Record excerpts =>
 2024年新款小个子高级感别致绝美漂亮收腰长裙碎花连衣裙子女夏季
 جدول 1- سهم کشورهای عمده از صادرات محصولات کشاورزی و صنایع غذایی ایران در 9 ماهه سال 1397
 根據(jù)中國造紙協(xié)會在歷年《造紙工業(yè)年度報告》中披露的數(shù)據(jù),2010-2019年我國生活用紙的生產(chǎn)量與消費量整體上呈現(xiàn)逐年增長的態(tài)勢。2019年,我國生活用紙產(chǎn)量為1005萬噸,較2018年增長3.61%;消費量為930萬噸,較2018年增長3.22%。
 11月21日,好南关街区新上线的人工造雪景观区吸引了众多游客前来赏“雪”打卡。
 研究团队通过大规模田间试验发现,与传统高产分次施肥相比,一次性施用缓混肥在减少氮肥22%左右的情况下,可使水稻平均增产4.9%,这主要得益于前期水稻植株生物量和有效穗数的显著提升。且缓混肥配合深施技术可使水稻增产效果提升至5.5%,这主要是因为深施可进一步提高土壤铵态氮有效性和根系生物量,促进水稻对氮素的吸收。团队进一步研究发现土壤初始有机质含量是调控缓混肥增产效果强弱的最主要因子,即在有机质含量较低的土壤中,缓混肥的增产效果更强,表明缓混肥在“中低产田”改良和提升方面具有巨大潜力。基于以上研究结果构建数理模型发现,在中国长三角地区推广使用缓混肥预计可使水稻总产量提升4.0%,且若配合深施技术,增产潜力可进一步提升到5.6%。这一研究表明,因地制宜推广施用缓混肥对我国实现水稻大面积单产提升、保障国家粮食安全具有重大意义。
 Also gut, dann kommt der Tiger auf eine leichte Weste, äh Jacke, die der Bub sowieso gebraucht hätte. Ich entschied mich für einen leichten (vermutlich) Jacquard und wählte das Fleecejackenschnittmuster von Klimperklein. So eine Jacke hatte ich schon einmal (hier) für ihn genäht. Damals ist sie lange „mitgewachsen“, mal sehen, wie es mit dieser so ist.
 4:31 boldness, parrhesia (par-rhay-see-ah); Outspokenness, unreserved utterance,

* * *

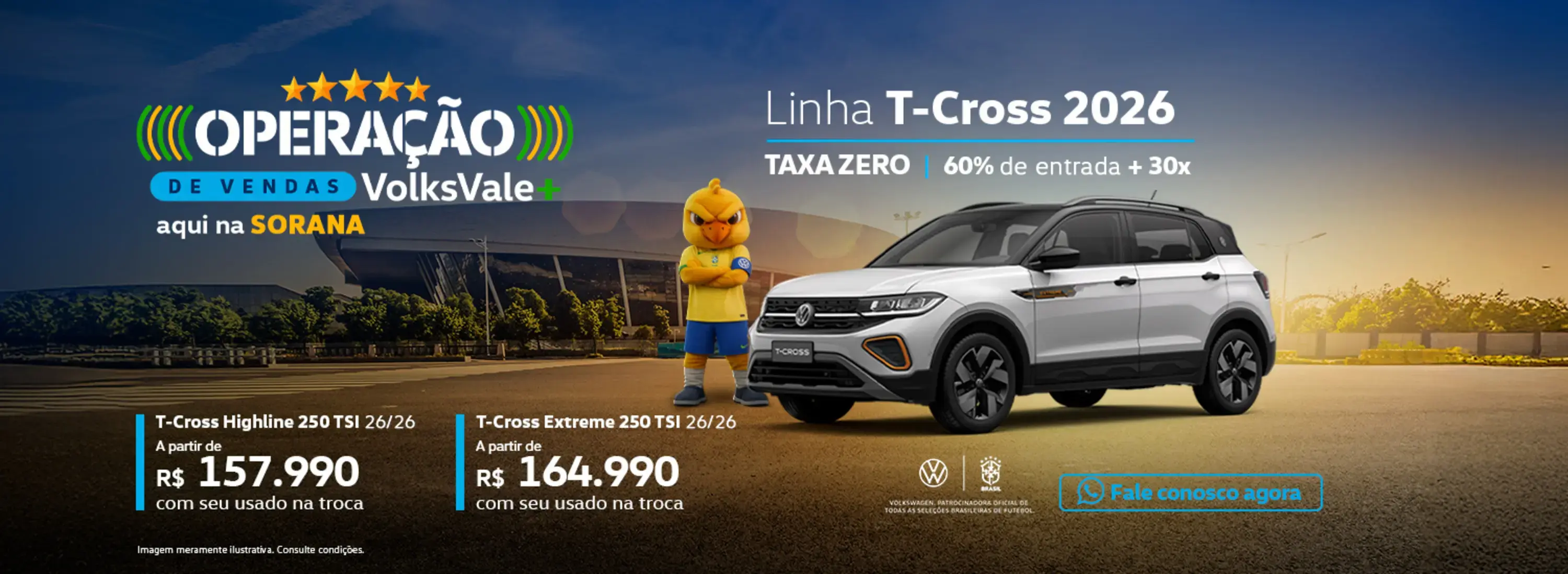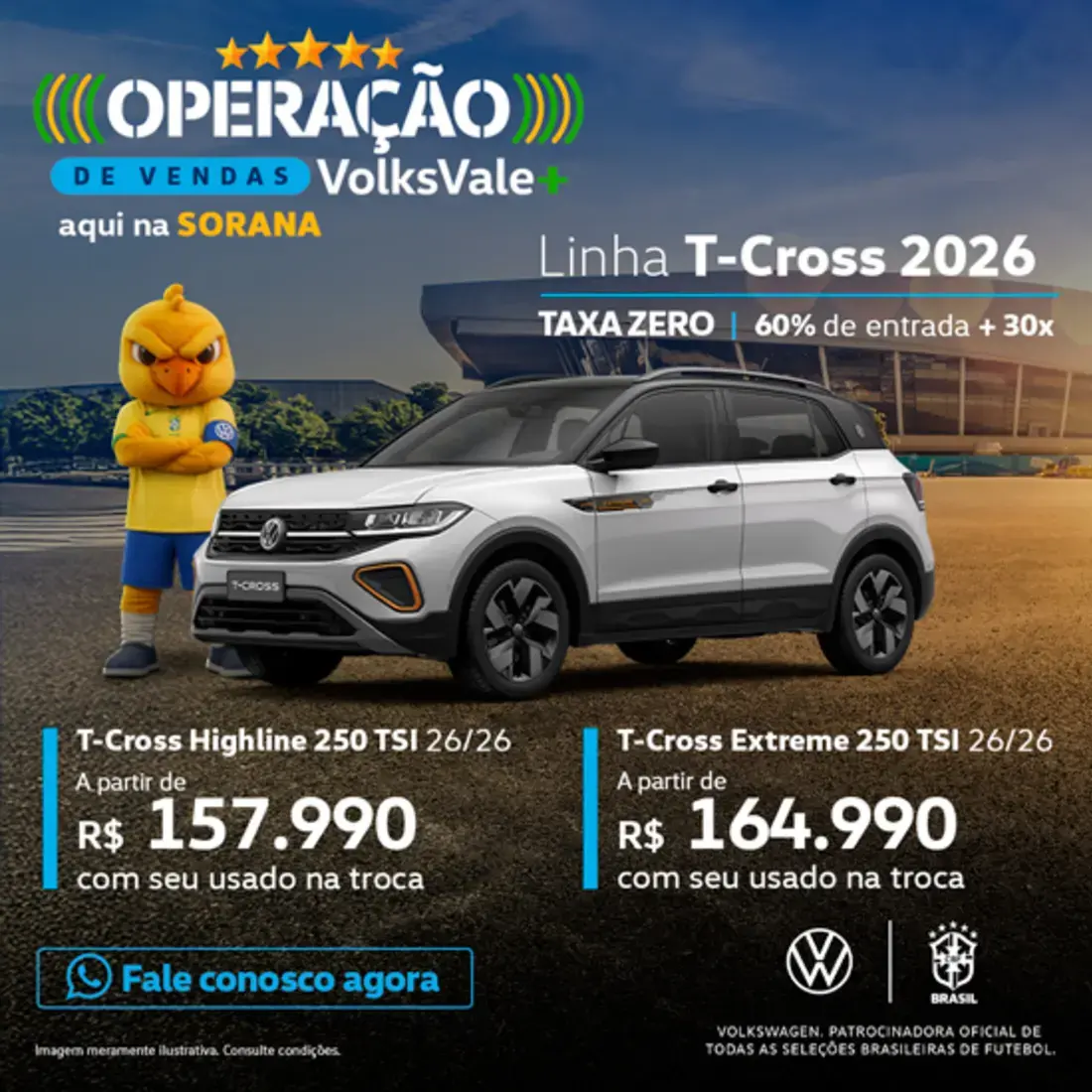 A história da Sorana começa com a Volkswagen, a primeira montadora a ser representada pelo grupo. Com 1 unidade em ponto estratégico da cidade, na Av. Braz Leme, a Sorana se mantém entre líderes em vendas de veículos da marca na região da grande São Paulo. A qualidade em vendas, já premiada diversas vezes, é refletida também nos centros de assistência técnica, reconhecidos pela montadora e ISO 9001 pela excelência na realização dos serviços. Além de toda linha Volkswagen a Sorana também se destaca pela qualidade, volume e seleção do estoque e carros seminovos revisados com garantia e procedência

Your goal =>
Print, without alteration, only the lines above between the one holding "جدول 1- سهم" and the one holding "研究团队通过大规模田间试验发", inclusive.

Solution to this task =>
 جدول 1- سهم کشورهای عمده از صادرات محصولات کشاورزی و صنایع غذایی ایران در 9 ماهه سال 1397
 根據(jù)中國造紙協(xié)會在歷年《造紙工業(yè)年度報告》中披露的數(shù)據(jù),2010-2019年我國生活用紙的生產(chǎn)量與消費量整體上呈現(xiàn)逐年增長的態(tài)勢。2019年,我國生活用紙產(chǎn)量為1005萬噸,較2018年增長3.61%;消費量為930萬噸,較2018年增長3.22%。
 11月21日,好南关街区新上线的人工造雪景观区吸引了众多游客前来赏“雪”打卡。
 研究团队通过大规模田间试验发现,与传统高产分次施肥相比,一次性施用缓混肥在减少氮肥22%左右的情况下,可使水稻平均增产4.9%,这主要得益于前期水稻植株生物量和有效穗数的显著提升。且缓混肥配合深施技术可使水稻增产效果提升至5.5%,这主要是因为深施可进一步提高土壤铵态氮有效性和根系生物量,促进水稻对氮素的吸收。团队进一步研究发现土壤初始有机质含量是调控缓混肥增产效果强弱的最主要因子,即在有机质含量较低的土壤中,缓混肥的增产效果更强,表明缓混肥在“中低产田”改良和提升方面具有巨大潜力。基于以上研究结果构建数理模型发现,在中国长三角地区推广使用缓混肥预计可使水稻总产量提升4.0%,且若配合深施技术,增产潜力可进一步提升到5.6%。这一研究表明,因地制宜推广施用缓混肥对我国实现水稻大面积单产提升、保障国家粮食安全具有重大意义。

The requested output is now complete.